Indeed, this is something that other companies developing drugs targeting VEGF will have to consider. Physicians will have to be wary of all types of VEGF inhibitors, which include antibodies, the fusion protein VEGF trap (which combines portions of human VEGF receptor and VEGF) and inhibitors of VEGF receptor tyrosine kinase (see Table 1). The first VEGF-targeting drug, Pfizer's receptor tyrosine kinase inhibitor SU5416 (which Pfizer acquired when it bought Sugen), exhibited severe toxicities that included thromboembolic events, when it was used in combination with 5-FU/leucovorin in colon cancer patients, prompting Pfizer to discontinue development. Pfizer is now testing a successor compound, SU11248, which also targets VEGF.
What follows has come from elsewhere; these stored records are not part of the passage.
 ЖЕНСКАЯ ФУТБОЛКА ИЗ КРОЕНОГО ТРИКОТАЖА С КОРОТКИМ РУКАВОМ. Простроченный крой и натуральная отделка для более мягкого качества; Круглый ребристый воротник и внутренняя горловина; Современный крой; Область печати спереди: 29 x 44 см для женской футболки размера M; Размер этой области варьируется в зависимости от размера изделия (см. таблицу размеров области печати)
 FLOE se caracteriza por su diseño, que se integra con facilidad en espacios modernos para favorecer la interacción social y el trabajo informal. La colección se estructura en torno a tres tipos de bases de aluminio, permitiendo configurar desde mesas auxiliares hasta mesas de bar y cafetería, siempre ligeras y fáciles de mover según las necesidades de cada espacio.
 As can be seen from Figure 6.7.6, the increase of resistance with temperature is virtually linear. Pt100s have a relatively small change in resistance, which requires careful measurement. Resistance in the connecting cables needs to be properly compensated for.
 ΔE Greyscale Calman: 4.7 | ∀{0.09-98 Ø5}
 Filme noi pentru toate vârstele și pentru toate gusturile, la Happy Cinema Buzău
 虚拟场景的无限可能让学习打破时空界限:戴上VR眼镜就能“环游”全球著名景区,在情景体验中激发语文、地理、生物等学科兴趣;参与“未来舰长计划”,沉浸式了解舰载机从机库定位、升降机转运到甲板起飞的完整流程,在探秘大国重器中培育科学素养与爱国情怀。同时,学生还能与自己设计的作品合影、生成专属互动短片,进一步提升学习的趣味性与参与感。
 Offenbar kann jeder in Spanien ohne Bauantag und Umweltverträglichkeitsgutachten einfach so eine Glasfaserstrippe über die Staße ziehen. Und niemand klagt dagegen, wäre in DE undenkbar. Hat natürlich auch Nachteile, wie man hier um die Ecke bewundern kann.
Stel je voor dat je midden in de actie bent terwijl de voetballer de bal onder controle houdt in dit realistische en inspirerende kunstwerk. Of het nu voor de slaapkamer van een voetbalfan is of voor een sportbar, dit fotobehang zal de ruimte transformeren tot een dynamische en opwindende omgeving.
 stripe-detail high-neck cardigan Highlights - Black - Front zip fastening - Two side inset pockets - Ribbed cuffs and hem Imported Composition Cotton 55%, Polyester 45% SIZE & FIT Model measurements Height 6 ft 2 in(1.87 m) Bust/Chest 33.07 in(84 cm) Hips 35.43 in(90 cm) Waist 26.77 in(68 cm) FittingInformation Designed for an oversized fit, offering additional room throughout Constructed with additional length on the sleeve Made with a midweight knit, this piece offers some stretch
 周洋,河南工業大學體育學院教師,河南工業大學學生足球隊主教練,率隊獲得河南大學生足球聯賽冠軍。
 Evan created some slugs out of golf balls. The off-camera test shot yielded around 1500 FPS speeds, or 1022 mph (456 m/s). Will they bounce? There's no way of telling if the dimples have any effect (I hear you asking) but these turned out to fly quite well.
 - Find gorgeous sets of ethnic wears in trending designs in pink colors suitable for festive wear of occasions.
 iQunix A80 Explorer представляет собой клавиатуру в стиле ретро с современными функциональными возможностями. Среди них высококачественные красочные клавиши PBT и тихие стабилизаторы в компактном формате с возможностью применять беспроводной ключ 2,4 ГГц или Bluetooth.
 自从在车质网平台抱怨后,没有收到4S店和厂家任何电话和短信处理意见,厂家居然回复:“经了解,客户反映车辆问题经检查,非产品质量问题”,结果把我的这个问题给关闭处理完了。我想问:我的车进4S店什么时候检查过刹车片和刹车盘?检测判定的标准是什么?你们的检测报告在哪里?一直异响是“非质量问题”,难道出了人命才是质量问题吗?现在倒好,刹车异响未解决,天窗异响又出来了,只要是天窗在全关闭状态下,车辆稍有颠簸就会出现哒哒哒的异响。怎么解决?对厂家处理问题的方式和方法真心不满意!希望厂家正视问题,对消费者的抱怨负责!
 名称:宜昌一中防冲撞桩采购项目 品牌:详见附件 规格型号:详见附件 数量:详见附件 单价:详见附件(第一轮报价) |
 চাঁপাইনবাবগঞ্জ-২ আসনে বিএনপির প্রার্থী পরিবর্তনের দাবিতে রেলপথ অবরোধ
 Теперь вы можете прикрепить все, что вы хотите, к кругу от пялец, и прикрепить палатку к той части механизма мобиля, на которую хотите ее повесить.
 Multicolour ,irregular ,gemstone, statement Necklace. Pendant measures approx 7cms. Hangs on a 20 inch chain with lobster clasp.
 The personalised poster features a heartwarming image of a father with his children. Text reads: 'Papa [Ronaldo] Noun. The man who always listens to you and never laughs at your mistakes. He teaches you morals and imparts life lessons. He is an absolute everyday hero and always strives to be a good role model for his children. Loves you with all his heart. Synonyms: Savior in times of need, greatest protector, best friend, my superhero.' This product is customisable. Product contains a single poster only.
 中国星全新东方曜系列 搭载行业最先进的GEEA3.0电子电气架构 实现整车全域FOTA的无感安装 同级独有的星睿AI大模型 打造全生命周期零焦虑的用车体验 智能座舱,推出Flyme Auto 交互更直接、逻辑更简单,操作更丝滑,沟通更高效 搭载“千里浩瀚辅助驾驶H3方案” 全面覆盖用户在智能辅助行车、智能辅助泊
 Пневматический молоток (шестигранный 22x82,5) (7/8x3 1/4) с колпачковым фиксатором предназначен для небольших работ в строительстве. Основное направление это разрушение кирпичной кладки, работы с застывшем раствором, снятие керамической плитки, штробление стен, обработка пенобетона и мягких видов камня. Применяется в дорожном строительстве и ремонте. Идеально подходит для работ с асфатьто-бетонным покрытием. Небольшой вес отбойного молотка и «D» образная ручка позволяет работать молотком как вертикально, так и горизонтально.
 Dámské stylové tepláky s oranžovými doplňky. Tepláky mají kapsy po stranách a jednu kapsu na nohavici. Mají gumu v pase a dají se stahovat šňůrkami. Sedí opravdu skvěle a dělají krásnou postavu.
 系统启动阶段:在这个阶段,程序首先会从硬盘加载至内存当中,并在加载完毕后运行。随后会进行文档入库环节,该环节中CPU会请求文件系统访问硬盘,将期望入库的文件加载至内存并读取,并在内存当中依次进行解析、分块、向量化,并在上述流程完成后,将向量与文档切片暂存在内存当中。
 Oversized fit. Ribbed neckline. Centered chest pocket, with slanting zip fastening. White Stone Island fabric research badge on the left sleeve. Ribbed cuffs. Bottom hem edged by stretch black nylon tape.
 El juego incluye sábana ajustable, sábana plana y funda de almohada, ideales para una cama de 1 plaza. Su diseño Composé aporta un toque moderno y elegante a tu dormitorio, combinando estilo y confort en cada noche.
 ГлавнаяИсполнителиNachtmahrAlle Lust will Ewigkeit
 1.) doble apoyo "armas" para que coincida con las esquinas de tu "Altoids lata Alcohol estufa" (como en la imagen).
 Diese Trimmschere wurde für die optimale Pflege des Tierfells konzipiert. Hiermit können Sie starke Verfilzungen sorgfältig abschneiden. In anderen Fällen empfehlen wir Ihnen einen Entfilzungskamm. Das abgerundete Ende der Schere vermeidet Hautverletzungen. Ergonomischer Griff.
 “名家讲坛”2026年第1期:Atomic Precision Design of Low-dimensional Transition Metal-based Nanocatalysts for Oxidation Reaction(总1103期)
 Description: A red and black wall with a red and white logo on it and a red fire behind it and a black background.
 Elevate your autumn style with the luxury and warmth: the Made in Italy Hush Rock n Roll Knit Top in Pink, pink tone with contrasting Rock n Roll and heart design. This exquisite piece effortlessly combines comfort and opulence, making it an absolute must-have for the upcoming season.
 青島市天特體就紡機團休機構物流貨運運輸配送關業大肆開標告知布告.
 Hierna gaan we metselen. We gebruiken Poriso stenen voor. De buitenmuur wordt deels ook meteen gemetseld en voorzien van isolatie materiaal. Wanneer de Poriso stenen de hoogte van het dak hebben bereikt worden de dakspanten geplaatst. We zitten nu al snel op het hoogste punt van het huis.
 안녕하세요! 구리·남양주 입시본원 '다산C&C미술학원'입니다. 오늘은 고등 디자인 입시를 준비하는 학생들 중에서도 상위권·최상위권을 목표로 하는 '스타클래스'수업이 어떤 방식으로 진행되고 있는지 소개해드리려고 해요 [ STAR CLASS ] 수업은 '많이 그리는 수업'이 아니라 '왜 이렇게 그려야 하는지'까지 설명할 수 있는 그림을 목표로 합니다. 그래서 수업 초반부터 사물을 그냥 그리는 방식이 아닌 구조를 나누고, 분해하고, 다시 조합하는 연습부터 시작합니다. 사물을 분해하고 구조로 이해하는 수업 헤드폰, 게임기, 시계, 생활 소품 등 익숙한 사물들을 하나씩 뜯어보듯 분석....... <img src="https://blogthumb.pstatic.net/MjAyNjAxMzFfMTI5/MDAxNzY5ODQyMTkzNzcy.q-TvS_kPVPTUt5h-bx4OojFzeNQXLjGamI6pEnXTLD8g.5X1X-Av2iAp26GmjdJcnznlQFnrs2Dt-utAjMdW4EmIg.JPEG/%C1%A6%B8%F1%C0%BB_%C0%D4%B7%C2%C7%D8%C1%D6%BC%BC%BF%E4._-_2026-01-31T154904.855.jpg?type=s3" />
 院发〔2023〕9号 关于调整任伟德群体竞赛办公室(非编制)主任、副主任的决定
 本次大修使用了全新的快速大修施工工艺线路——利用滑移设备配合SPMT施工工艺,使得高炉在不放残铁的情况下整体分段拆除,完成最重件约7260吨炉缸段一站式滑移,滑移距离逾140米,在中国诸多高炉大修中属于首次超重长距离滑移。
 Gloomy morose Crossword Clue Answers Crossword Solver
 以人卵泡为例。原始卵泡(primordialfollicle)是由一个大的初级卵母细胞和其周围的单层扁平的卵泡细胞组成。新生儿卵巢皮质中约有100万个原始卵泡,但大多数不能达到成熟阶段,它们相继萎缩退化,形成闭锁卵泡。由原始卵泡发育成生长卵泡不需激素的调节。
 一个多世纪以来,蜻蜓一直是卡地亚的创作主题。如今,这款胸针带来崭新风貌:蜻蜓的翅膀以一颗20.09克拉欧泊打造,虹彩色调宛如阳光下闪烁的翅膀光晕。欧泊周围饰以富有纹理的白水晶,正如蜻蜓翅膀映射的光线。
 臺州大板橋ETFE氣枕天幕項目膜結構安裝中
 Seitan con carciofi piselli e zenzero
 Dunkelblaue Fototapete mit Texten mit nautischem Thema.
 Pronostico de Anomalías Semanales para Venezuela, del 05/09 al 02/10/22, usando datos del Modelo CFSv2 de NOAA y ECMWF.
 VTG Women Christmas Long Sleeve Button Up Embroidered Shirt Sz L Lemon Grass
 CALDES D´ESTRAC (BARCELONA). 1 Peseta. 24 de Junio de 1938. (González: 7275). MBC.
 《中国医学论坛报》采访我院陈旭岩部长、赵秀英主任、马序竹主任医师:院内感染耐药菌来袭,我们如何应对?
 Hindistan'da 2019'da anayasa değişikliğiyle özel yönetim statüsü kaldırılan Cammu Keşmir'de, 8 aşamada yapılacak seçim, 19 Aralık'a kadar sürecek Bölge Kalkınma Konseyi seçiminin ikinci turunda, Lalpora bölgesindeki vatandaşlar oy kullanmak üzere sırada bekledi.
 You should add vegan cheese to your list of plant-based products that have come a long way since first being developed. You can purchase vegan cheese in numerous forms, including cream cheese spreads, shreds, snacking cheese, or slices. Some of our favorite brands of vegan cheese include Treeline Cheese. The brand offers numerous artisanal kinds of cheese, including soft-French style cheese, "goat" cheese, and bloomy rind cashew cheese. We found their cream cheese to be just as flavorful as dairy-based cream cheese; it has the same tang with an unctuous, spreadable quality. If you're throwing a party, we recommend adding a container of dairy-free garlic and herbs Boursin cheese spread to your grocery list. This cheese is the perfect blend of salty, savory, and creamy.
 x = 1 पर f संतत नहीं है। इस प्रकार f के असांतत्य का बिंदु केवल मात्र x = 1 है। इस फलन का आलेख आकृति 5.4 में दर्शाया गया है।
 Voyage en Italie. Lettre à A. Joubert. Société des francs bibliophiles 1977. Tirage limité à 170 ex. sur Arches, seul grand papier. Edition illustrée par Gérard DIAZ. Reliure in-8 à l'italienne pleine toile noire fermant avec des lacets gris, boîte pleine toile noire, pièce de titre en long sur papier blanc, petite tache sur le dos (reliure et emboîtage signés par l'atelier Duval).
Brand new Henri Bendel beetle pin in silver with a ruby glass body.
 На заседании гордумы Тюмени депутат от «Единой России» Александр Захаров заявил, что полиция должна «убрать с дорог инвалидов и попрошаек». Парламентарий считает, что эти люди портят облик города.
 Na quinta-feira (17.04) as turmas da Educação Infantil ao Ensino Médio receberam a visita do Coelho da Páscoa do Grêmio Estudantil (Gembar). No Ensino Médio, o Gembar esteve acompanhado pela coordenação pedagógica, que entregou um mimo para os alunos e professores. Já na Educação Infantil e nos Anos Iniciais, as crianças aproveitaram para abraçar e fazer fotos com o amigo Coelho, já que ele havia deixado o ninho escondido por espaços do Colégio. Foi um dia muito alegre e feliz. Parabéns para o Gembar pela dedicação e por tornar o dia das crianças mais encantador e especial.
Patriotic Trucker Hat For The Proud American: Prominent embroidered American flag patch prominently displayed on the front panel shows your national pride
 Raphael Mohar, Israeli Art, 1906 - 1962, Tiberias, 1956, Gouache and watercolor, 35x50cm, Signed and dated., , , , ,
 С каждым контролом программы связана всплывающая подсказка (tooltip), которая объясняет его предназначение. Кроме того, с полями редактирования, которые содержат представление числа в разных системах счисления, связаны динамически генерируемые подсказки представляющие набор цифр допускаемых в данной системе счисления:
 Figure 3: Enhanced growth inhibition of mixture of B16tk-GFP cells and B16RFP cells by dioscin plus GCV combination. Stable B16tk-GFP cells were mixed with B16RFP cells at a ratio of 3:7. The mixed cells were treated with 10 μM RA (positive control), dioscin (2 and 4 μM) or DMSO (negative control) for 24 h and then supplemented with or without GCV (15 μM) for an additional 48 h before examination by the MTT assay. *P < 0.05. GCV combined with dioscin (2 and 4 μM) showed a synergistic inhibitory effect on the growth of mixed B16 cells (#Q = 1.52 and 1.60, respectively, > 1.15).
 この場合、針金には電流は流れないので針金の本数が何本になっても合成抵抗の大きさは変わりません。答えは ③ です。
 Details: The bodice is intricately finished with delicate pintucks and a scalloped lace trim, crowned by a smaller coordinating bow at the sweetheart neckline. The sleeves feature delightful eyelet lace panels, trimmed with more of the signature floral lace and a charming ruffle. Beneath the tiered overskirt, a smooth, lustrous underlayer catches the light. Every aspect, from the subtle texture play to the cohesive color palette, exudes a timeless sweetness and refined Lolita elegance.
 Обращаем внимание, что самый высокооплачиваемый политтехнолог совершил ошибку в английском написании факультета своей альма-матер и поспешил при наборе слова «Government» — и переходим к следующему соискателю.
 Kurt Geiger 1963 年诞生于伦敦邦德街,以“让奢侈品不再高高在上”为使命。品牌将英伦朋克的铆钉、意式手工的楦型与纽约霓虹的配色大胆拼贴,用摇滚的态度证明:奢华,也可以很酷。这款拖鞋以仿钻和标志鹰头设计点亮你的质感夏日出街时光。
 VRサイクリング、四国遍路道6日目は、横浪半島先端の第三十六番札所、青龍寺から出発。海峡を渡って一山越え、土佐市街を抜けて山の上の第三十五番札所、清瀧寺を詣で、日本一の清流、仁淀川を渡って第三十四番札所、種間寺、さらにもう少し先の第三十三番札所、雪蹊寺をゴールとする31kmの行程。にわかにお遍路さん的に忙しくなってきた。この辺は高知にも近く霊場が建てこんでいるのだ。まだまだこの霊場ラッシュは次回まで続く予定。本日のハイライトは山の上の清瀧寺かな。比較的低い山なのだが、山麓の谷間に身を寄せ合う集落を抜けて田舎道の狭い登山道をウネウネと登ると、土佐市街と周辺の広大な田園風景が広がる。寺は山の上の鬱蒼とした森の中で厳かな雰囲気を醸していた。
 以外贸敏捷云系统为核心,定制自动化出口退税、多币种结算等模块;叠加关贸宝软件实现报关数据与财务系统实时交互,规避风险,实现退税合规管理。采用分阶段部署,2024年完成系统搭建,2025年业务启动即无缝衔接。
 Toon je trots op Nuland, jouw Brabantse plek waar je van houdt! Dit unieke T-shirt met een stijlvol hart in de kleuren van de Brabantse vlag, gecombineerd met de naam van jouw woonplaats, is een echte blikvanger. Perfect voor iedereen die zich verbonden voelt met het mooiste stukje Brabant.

Table 1 Different ways of targeting the VEGF pathway
Full size table

Barron also points out that despite the fact that as much as 5% of all patients using Avastin may be at increased risk of a serious or fatal thromboembolic event, the increased risk does not change the basic risk/benefit ratio of using the drug. “When you think about side effects you're really thinking about competing risks,” he says. “Despite the risk of thromboembolic events, our statistically rigorous analysis shows that in over-65-year old patients, an improvement in median survival was maintained. Clinicians' concerns are tempered by the fact that the net benefit is still in the patient's favor.”

Overall, patients given Avastin survived about five months longer. But the survival advantage with Avastin is small, notes Samuel Waxman, an oncologist at Mt. Sinai Hospital School of Medicine in New York. And although that may not be a factor in a person with late-stage disease and only a few months to live, for others, he points out, including younger patients, “it's a real complication. We must also worry about using Avastin up-front, as first-line treatment. The issues are different when the goal is to prevent recurrence and a patient is exposed to combinations of drugs over longer periods of time.” To be sure, as they plan late-stage trials, such concerns won't be lost on other developers of targeted cancer therapies.